- **WHAT TO WORK ON**
Your response should be the lines from the one holding "Die Ehrenwache der" to the last line of the data below, copied exactly and with no additions.

- **DATASET SECTION**
↓

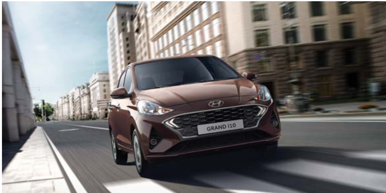
Cụm lưới tản nhiệt hình đan hình lục giác cùng với đường dập nổi trên mũi xe và dọc thân xe tạo nên nét trẻ trung
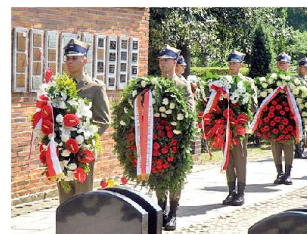
Die Ehrenwache der polnischen Armee bei der Kranzniederlegung in Warschau.

Huttwil erinnert an die Begegnung von General Prugar-Ketling mit unserem Oberbefehlshaber. General Guisan zeigte grosses Verständnis für die schwierige persönliche und berufliche Lage der Internierten. So wurden die Polen für den Strassenbau, die Landwirtschaft, für Entwässerungs- und Forstarbeiten eingesetzt, und sie leisteten dadurch einen wertvollen Beitrag für unsere durch Militärdienst geschwächte Wirtschaft. Zudem wurden Studi-

↑

- **SOLUTION TO THIS PROBLEM**
Die Ehrenwache der polnischen Armee bei der Kranzniederlegung in Warschau.

Huttwil erinnert an die Begegnung von General Prugar-Ketling mit unserem Oberbefehlshaber. General Guisan zeigte grosses Verständnis für die schwierige persönliche und berufliche Lage der Internierten. So wurden die Polen für den Strassenbau, die Landwirtschaft, für Entwässerungs- und Forstarbeiten eingesetzt, und sie leisteten dadurch einen wertvollen Beitrag für unsere durch Militärdienst geschwächte Wirtschaft. Zudem wurden Studi-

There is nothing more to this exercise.